Even if you’re aware that you can go online and buy registration numbers from the DVLA that have not been issued before, did you know that the DVLA also runs two types of auctions where they sell what are generally considered to be the most sought-after numbers? The two types of auction are the Venue Auction and the Timed Online Auction, and this is a guide to how they work.
What is a DVLA Venue Auction?
A DVLA Venue Auction is exactly what its name suggests, which is a live auction held at a physical venue where people can attend and bid in person. The venue locations vary and they are advertised well in advance, and the whole thing is run along the lines of a traditional auction.
Private registration numbers that are to be auctioned off by the DVLA will be advertised well in advance of the sale with an auction calendar that can be found on the DVLA’s website. These auction sales work in the same way as any other regular auction, which is by interested bidders registering in advance of the sale and then bidding on the lots they are interested in when they come up.
With these live auctions, bidders are normally encouraged to attend and bid in person although it is also possible for bids to be submitted online or via telephone and the DVLA issues tutorials on how this can be done.
Live auctions for anything you’re interested in can be a lot of fun, even if you’re not actually intending to buy something yourself. Anyone who loves cars ought to attend a car auction at least once in their life just to experience it and these DVLA number plate auctions can be just as entertaining. However, it’s easy to get carried away and pay too much or buy something you don’t actually need at an auction, so have a good think about what you are prepared to pay and what you want to buy before you attend a sale and risk getting carried away.
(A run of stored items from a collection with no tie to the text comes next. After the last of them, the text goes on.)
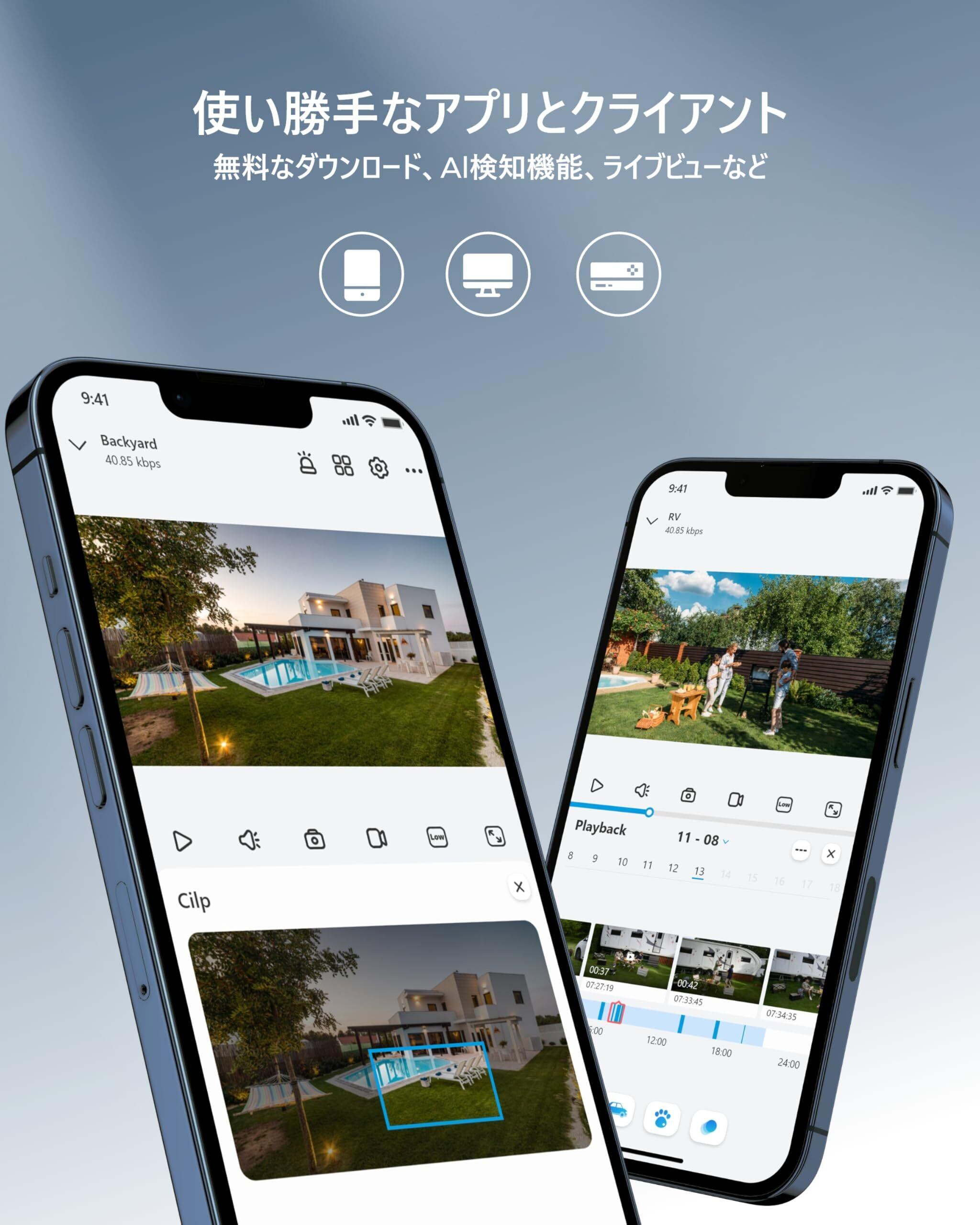 Alexa対応・双方向会話:このWiFiカメラはAlexaとGoogle Assistant対応、掃除中や食事中にAlexa設備に「ねぇ、Reolinkカメラを見せて」のように声をかけると、カメラのライブビュー画面がAlexaへ転送して、あなたはAlexaデバイスから直接に現場の状況を確認できます。マイクとスピーカもカメラに内蔵され、アプリからカメラに登録して遠隔操作時に双方向会話できます。無料なReolinkアプリやクライアントを使って、お宅や事務室に何が起こっているのか、常に確認できるだから、安心です。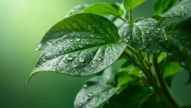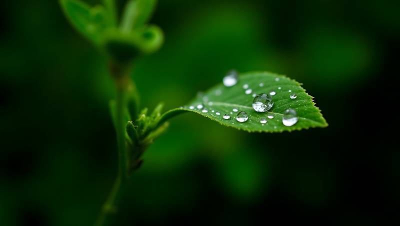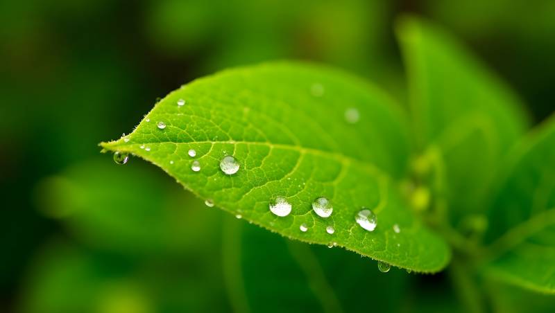 露珠轻缀绿叶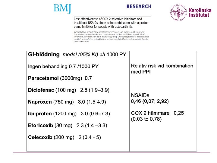 Risken för serious adverse events COX-2 inhib. vs NSAIDs Wright. CMAJ, 2002: 167 (10) 1131 -1137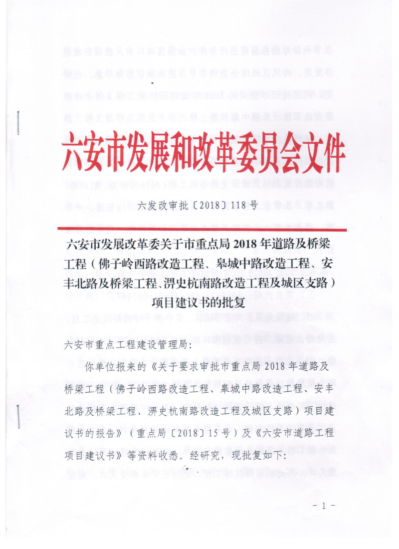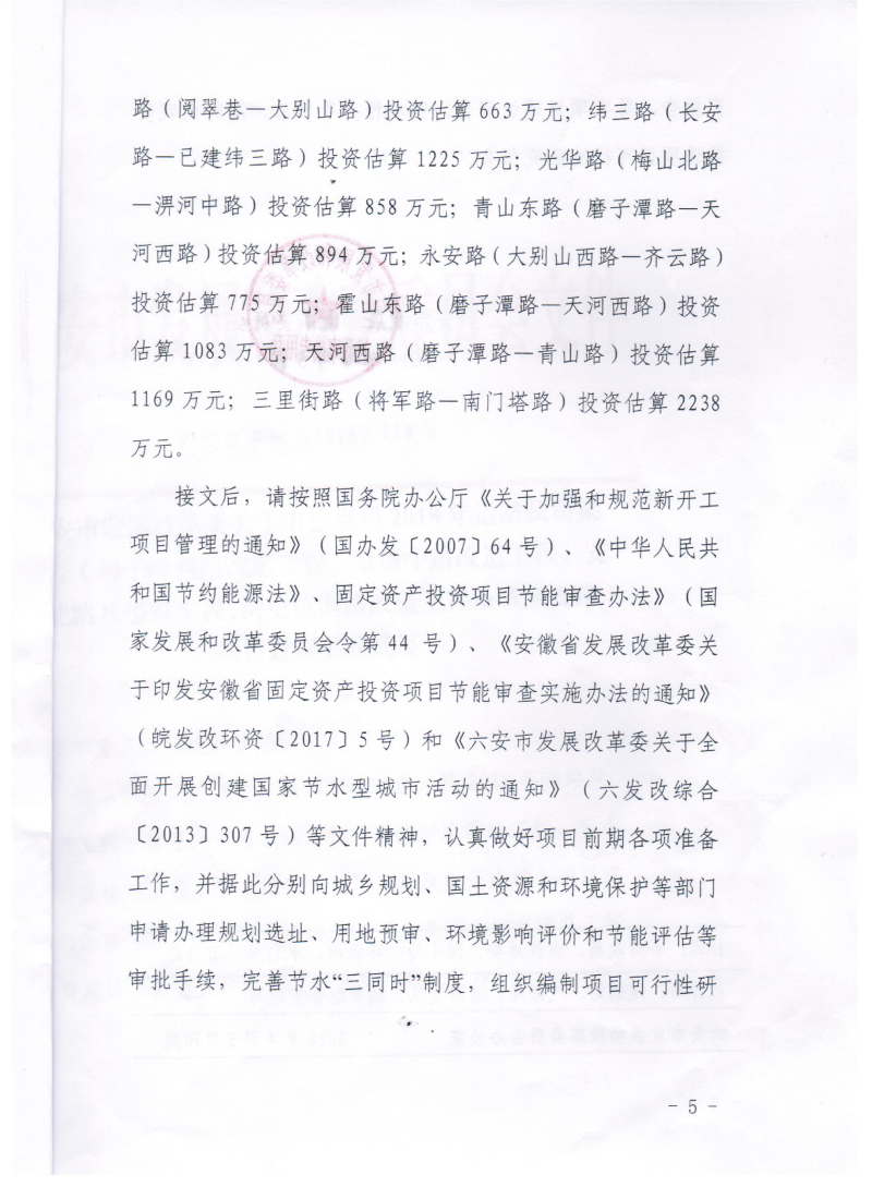 佛子岭西路(大别山路-梅山南路)改造工程项目建议书的批复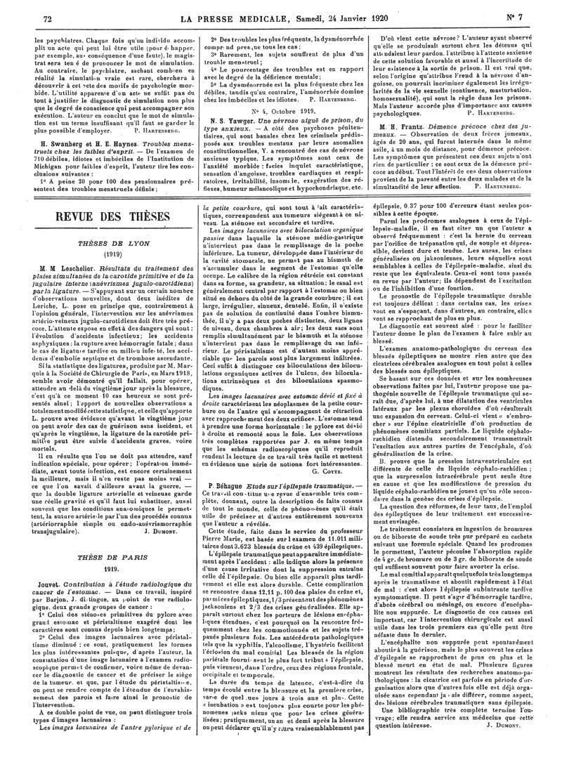 1920, Articles originaux. -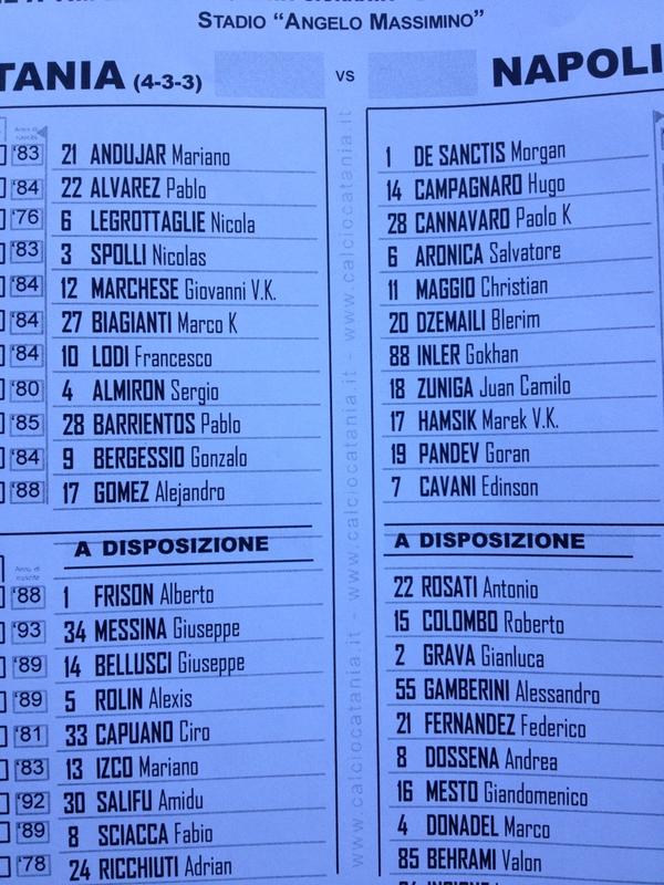 FOTO - Catania-Napoli, ecco la distinta ufficiale

What is a DVLA Timed Auction?
The only things a DVLA Timed Auction has in common with a DVLA Venue Auction are numbers plates being sold and them eventually being sold to the highest bidder. Apart from that, these two types of auction couldn’t be much more different.
For a start, with a DVLA Timed Auction, there is no physical auction venue to attend whatsoever. It’s not a mix of physical bidding, online bidding and telephone bidding; the whole thing is done exclusively online. Although once the auction starts there is live bidding, it doesn’t jump up in large increments like traditional auctions where a bidder might try to intimidate others and put them off bidding by upping the ante with a large bid.
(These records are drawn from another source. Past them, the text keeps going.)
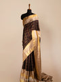 A vintage black Kanjivaram saree featuring multicolour silk checks interspersed with zari stripes, lending depth and texture to the body. The grey Korvai border is detailed with Anapakshi motifs, reflecting the precision of classic handloom artistry. The interplay of dark base, vivid checks, and intricate motifs gives the saree a bold and elegant presence, ideal for occasions where you want to make a statement.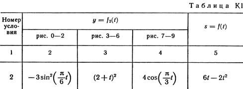 Найти уравнение траектории точки; для момента времени t1 = 1 с определить скорость и ускорение точки, а также ее касательное и нормальное ускорения и радиус кривизны в соответствующей точке траектории. Зависимость x = f1(t) указана непосредственно на рисунках, а зависимость y = f2(t) дана в табл. K1 (для рис. 0 - 2 в столбце 2, для рис. 3 - 6 в столбце 3, для рис. 7 - 9 в столбце 4). Как и в задачах С1 - С4, номер рисунка выбирается по предпоследней цифре шифра, а номер условия в табл. К1 - по последней.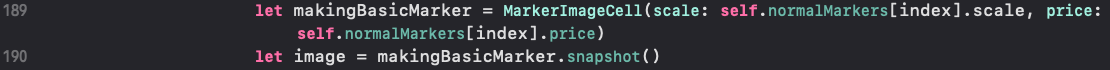 makingBasicMarker로 뷰를 만들고, 그 뷰뒤에 아까 커스텀한 snapshop()을 붙여주면 이미지로 변환이 됩니다.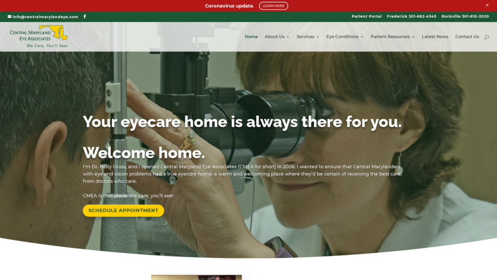 Our comprehensive ophthalmology practice cares for and treats patients 8 years of age and older. Our warm and friendly staff will help make your visit go smoothly, from scheduling your appointment, to greeting you at the front desk, and throughout your visit with us.
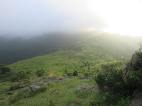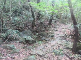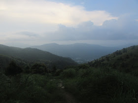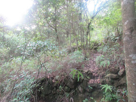 休息幾分鐘後,接小徑上四方山坳,初段明顯且有窄窄的古道痕跡,但接近四方山坳時野草很密,連路胚也難以看見。薄雲中的大帽山,斜陽就在雲間透射,感覺頗為特別,還是不要浪費太多時間賞景,趕緊在一小時內直降至梧桐寨村。初段以山腰徑為主,間中有石板路段,之後可見一明顯支路,都可下抵梧桐寨村,只是其中一道經瀑布群,另一道不經瀑布群而已,但是日仍繼續選前路,希望在有限時間內欣賞到四座瀑布群(井底瀑、中瀑、主瀑及散髮瀑),其中主瀑是境內最高的瀑布,高逾三十米。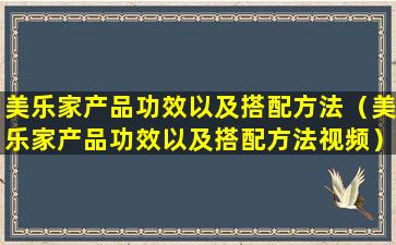 美乐家产品功效以及搭配方法(美乐家产品功效以及搭配方法视频)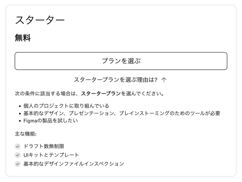 スタータープランは、その名の通り「無料」でFigmaを始めるための入り口です。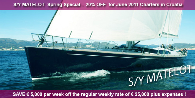 Attention brokers: We invite you to copy & send a "broker friendly" version of this eNews to your own clients. Broker friendly link: S/Y MATELOT Spring Special - 20% OFF for June 2011 Charters in Croatia |
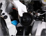 | こちらは耐震性を高めるための耐震スタビライザー。耐震性が高いということは、足まわりが硬いチューニングカーにピッタリってこと。ヘッドライトが切れやすいなんてひとは、試してみるといいぞ。ちなみに、極栗バーナーも耐震スタビライザー付きだ。 |

At these timed auctions, the current price increases in £10 increments until the maximum bid amount is reached. Bidders submit the maximum amount they are prepared to pay for the private number they are interested in, but if they get outbid they are then sent a text message or email to inform them and offer the chance for them to increase their maximum bid if they wish to do so.
What are “Sliding End Times?”
If you have any experience of bidding in online auctions such as eBay you may well have come across and been infuriated by the practice of “sniping,” but these DVLA Timed Auctions have a way of preventing auction sniping called “Sliding End Times.”
Sniping is where some bidders use special software that allows them to automatically bid in online auctions incredibly quickly in the last seconds to try and stop other bidders from having time to react and outbid them. For example, you could see an item stuck at £210 for a couple of days in an online auction only to be bid up to double that or more in the last 30 seconds or so. This is because multiple bidders are using sniping software and as a human being you have little or no chance of reacting quickly enough unless your bid is higher than the “snipers” have set their software to bid up to.
The way DVLA Timed Auctions avoid this practice is to use sliding end times. This where the end of an auction is set for a certain time, but if any bidding activity happens inside the final 30 minutes the end time of the auction is delayed by a further 30 minutes. In theory, this could extend the auction almost indefinitely if bidding continues, but eventually, the auction will get to an amount where nobody is prepared to go any higher and the bidding will stop and the highest bidder will finally get their private number plate.
When you find a number plate you want to bid on you can bid any amount you like above the starting price but bids must be in increments of £10 as no bids in pence will be accepted. The current highest bid will be displayed but you won’t be able to see what other bidders’ maximum bids are.
The starting price is the minimum amount the DVLA is prepared to sell that particular registration number for, although these prices don’t include VAT, the buyer’s premium (also VAT-applicable) and the assignment fee. If you don’t know how much is a fair or expected price for a particular number you can get an idea by looking up what similar plates have gone for at previous auctions by using the DVLA’s auction sold facility.
Can You Get a Bargain?
At some auctions, you can grab yourself an absolute bargain on occasions, but it’s going to be tough to get a good number plate from a DVLA auction for a really low price. There’s plenty of data out there to show what certain number plates are worth, depending on how many characters they have, their rarity and likely demand. The DVLA has this and so do licence plate dealers, so most of the time plates will go for roughly the expected price or even more if someone with deep pockets wants that one in particular.
If you win an auction you are required to pay all related fees within five working days, and if a plate hasn’t had a bid at the starting price it will be declared “unsold” and it may be included in a future auction.